1. Demand
The system reads the csv
file from a fixed directory every day and prints it on the console.
2. Solutions
To solve the above requirements, there are many methods that can be used, here we choose to use Spring Batch
to achieve.
3. Matters needing attention
1. Obtaining the file path
Simple processing here, read the date in JobParameters
, then construct a file path, and put the file path into ExecutionContext
. For simplicity here, the file path will be hard-coded in the program, but at the same time, the file path will also be stored in ExecutionContext
, and in a specific Step
ExecutionContext
to get the path.
Notice:
ExecutionContext
中存入的数据虽然在各个Step
中都可以获取到, 不推荐
36166600f73c0262a5486e25f3dcf8bd---存入比较大
到ExecutionContext
, because the data of this object needs to be stored in the database.

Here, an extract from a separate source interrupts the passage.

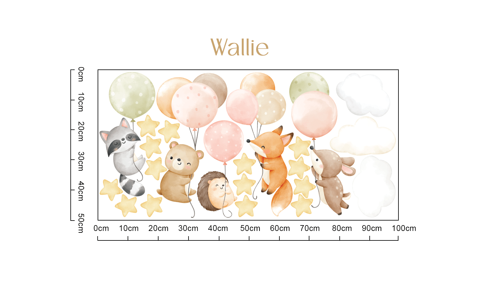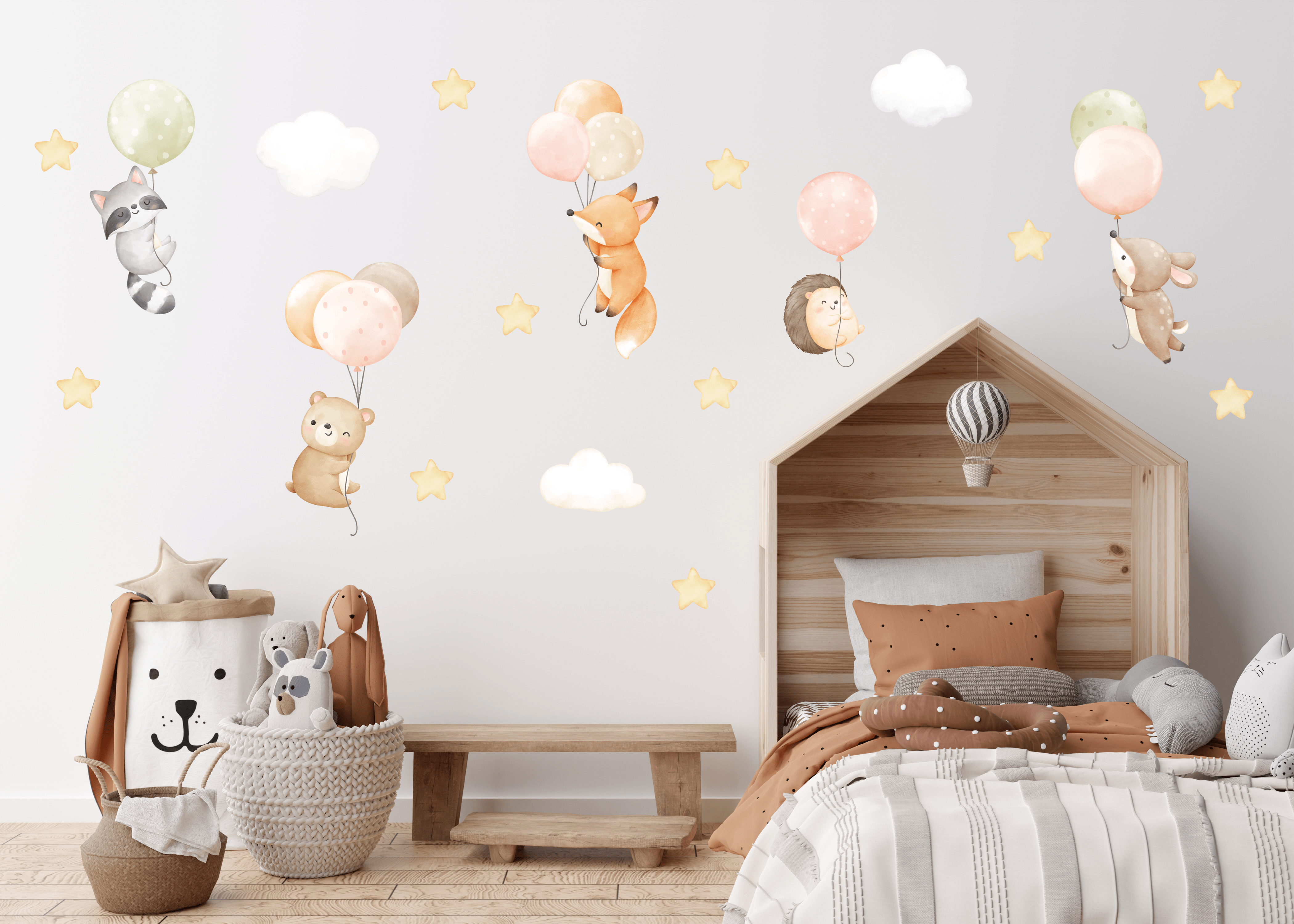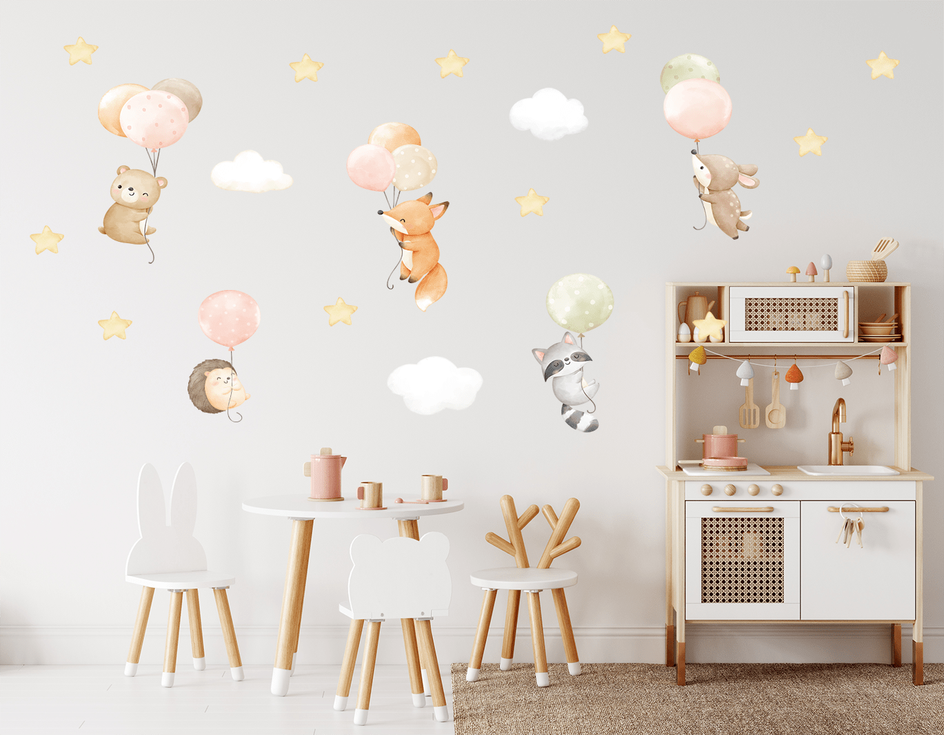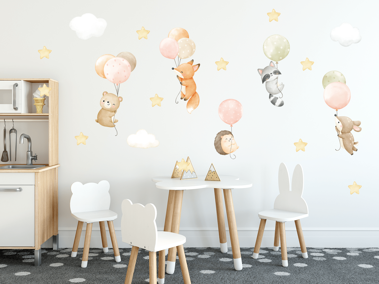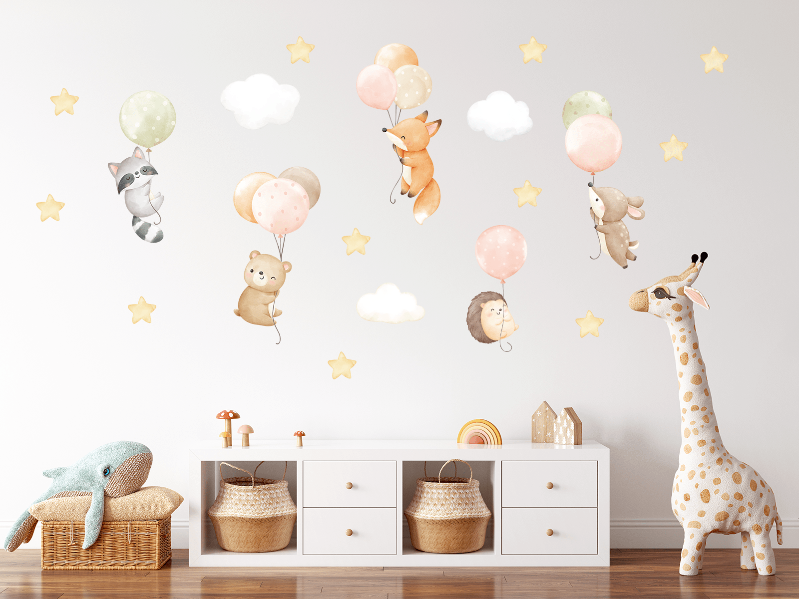 Wprowadź do dziecięcego pokoju nutę magii i beztroski dzięki naszym wyjątkowym naklejkom ściennym „Zwierzaki z balonikami”!

2. If each Step obtains the value in the ExecutionContext
- Add
@StepScope
annotation to the class - Obtained by
@Value("#{jobExecutionContext['importPath']}")
eg:
@Bean
@StepScope
public FlatFileItemReader<Person> readCsvItemReader(@Value("#{jobExecutionContext['importPath']}") String importPath) {
// 读取数据
return new FlatFileItemReaderBuilder<Person>()
.name("read-csv-file")
.resource(new ClassPathResource(importPath))
.delimited().delimiter(",")
.names("username", "age", "sex")
.fieldSetMapper(new RecordFieldSetMapper<>(Person.class))
.build();
}
Explanation: When the program is instantiated FlatFileItemReader
, there is no jobExecutionContext at this time, then an error will be reported. If @StepScope
is added, then there is no problem. @StepScope
Indicates that this bean is not instantiated until it reaches the Step stage
3. Note on the use of FlatFileItemReader
When we use FlatFileItemReader
to read our csv file, we need to return the type FlatFileItemReader
instead of directly returning Reader must be open before it can be read
ItemReader
, otherwise the following error may occur- Reader must be open before it can be read
4. Implementation steps
1. Import dependencies and configure
1. Import dependencies
<dependencies>
<dependency>
<groupId>org.springframework.boot</groupId>
<artifactId>spring-boot-starter-batch</artifactId>
</dependency>
</dependencies>
2. Initialize the SpringBatch database
spring.datasource.username=root
spring.datasource.password=root@1993
spring.datasource.url=jdbc:mysql://127.0.0.1:3306/spring-batch?useUnicode=true&characterEncoding=utf8&autoReconnectForPools=true&useSSL=false
spring.datasource.driver-class-name=com.mysql.cj.jdbc.Driver
# 程序启动时,默认不执行job
spring.batch.job.enabled=false
spring.batch.jdbc.initialize-schema=always
# 初始化spring-batch数据库脚本
spring.batch.jdbc.schema=classpath:org/springframework/batch/core/schema-mysql.sql
2. Build file read path
My idea here is to complete the acquisition of the file path in JobExecutionListener
166dbc08f4ed75489d5685d6a88a973d---, and put it into ExecutionContext
, and then in each Step
can get it to the value of the file path.
/**
* 在此监听器中,获取到具体的需要读取的文件路径,并保存到 ExecutionContext
*
* @author huan.fu
* @date 2022/8/30 - 22:22
*/
@Slf4j
public class AssemblyReadCsvPathListener implements JobExecutionListener {
@Override
public void beforeJob(JobExecution jobExecution) {
ExecutionContext executionContext = jobExecution.getExecutionContext();
JobParameters jobParameters = jobExecution.getJobParameters();
String importDate = jobParameters.getString("importDate");
log.info("从 job parameter 中获取的 importDate 参数的值为:[{}]", importDate);
String readCsvPath = "data/person.csv";
log.info("根据日期组装需要读取的csv路径为:[{}],此处排除日期,直接写一个死的路径", readCsvPath);
executionContext.putString("importPath", readCsvPath);
}
@Override
public void afterJob(JobExecution jobExecution) {
}
}
3. Build Tasklet, output file path
@Slf4j
@Component
@StepScope
public class PrintImportFilePathTaskLet implements Tasklet {
@Value("#{jobExecutionContext['importPath']}")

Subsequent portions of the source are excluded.